If you could travel in time, which era would you go to? Why? 

Probably to the golden quarter century following the second World War. It was a time of peace, rebuilding, optimism, hope. There were anti-biotics, indoor plumbing and the E-type Jaguar. A gentler time when people still treated each other with respect, queued in line and even the most modest foreign holiday resorts were exotic, exciting and weren't overrun with tourists.   

Alfred Hitchcock’s “The Birds” or “Psycho”? 

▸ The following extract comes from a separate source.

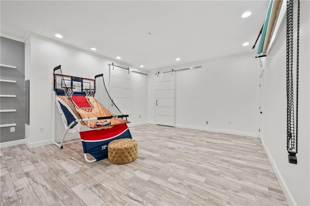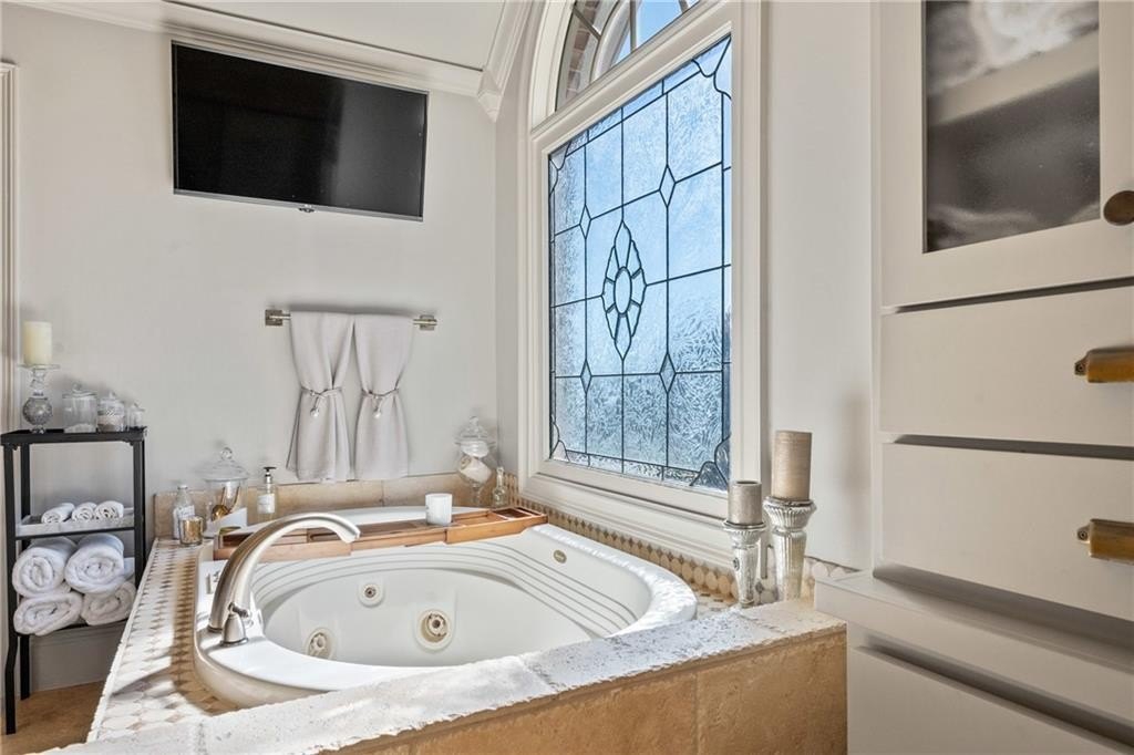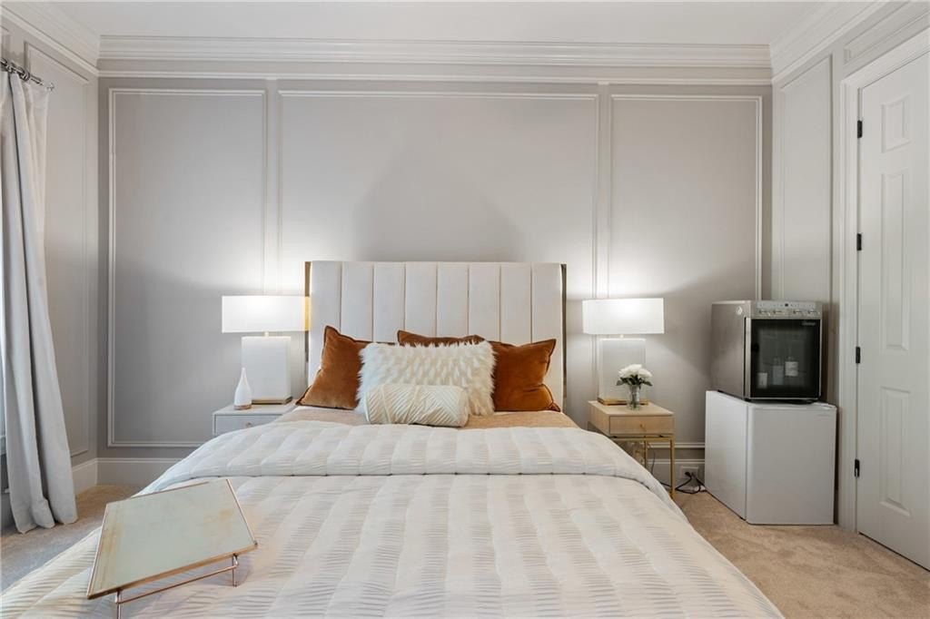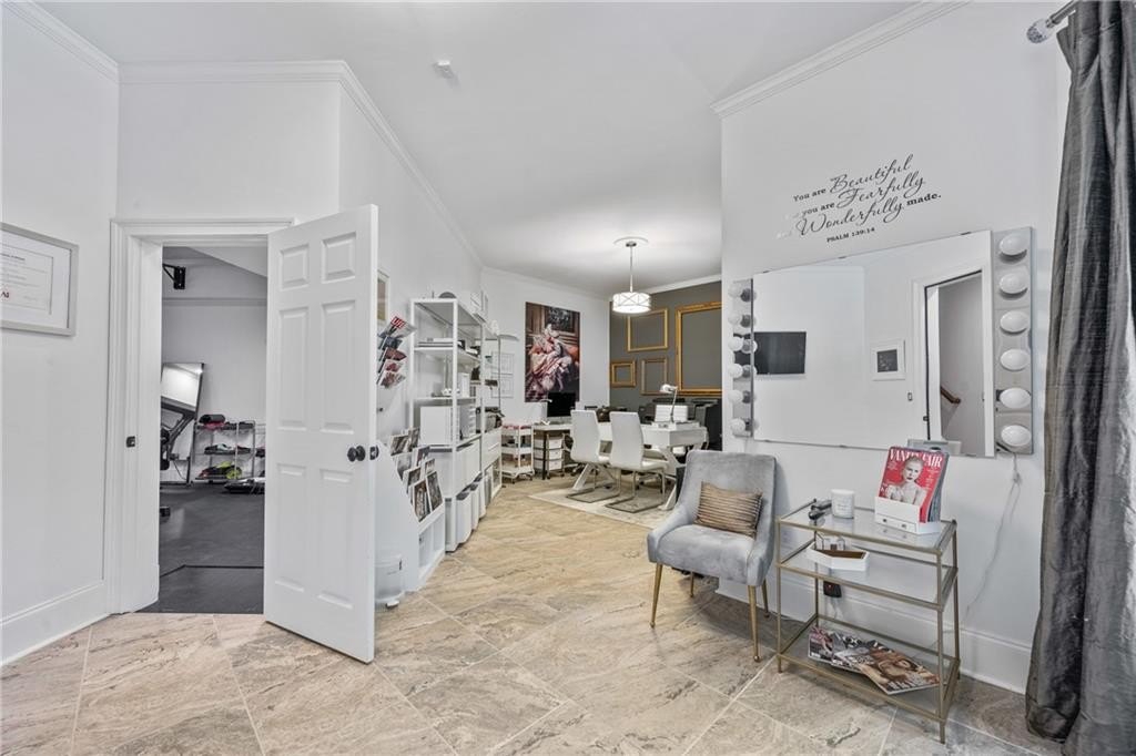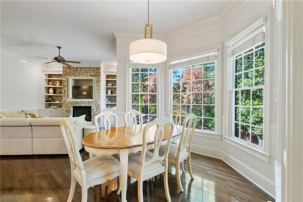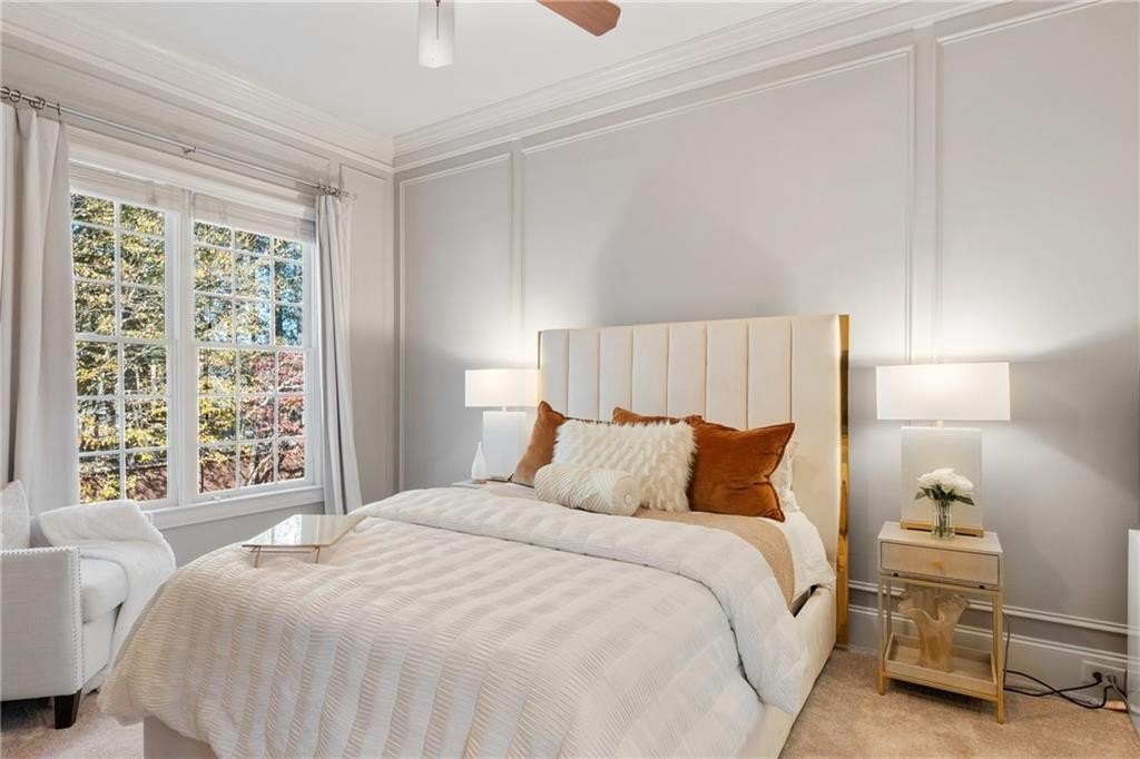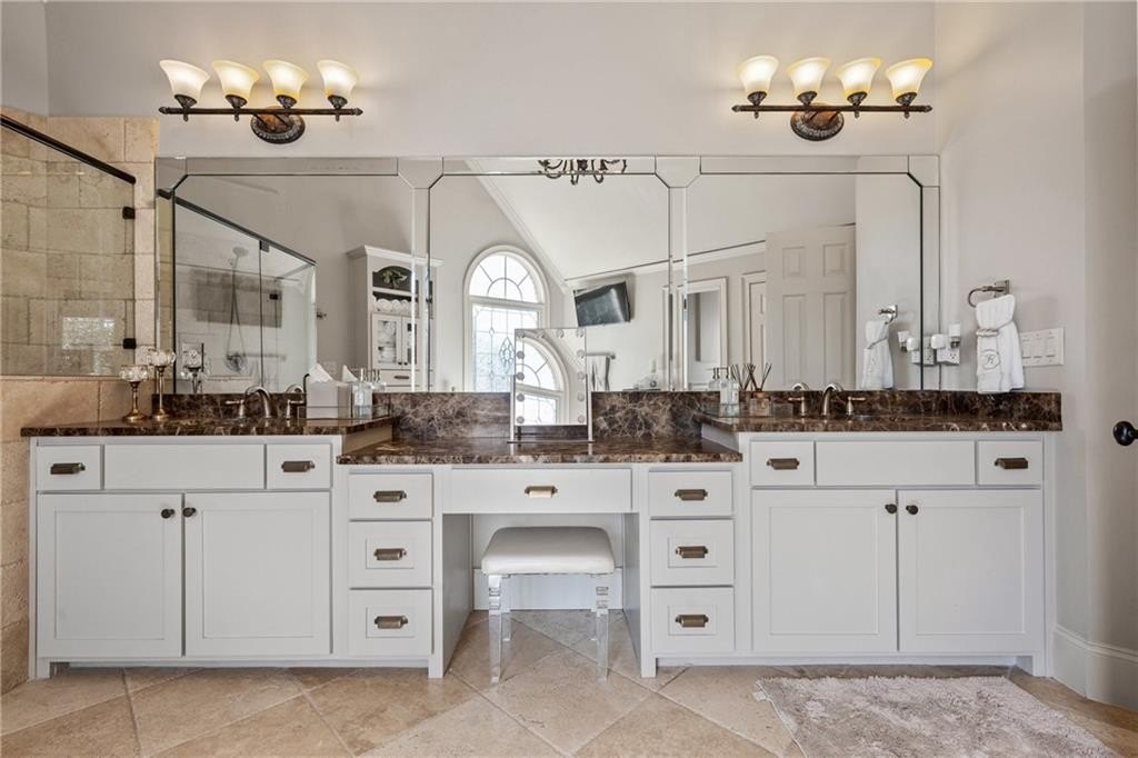 Step through the stunning new wrought iron double door entry into the grand two-story foyer. The main level features refinished hardwood floors, a formal dining room with floor-to-ceiling windows and custom millwork, and a bright great room with a wood-burning fireplace, coffered ceilings, and gorgeous floors. The gourmet kitchen is a showstopper—offering abundant custom cabinetry with new hardware, granite counters, stainless steel appliances, double ovens, two pantries, new pendant lighting, and a custom wine and coffee bar. The open layout flows seamlessly into the sunlit keeping room, complete with built-ins and a cozy gas fireplace. A dedicated office with double-door entry and a guest suite with a fully renovated bath complete the main level.

Both chilling. In Daphne du Maurier's book, Birds, the ending is far less optimistic than Kitchcock’s film, where there is a happy outcome. Du Maurier's short story leaves the reader with a doom-laden ending. There is no solution and the protagonists are unlikely to survive the ever more fevered attacks by the birds. 
In Psycho we have one of the apparent principal characters, played by the good looking John Gavin, killed entirely unexpectedly quite early on in the film. Typical Hitchcockian surprise. On balance I'd go for the Hitchcock. I like Ruth Rendell's psychological thrillers, also written under the pseudonym, Barbara Vine. Norman Bates is an intriguing character. Is he schizophrenic? Does he comply with the definition? Or is he something else, believing himself to in effect be his mother? Endlessly interesting. 

 


Andrew, thank you so much, you have been incredibly interesting and fascinating to talk to.  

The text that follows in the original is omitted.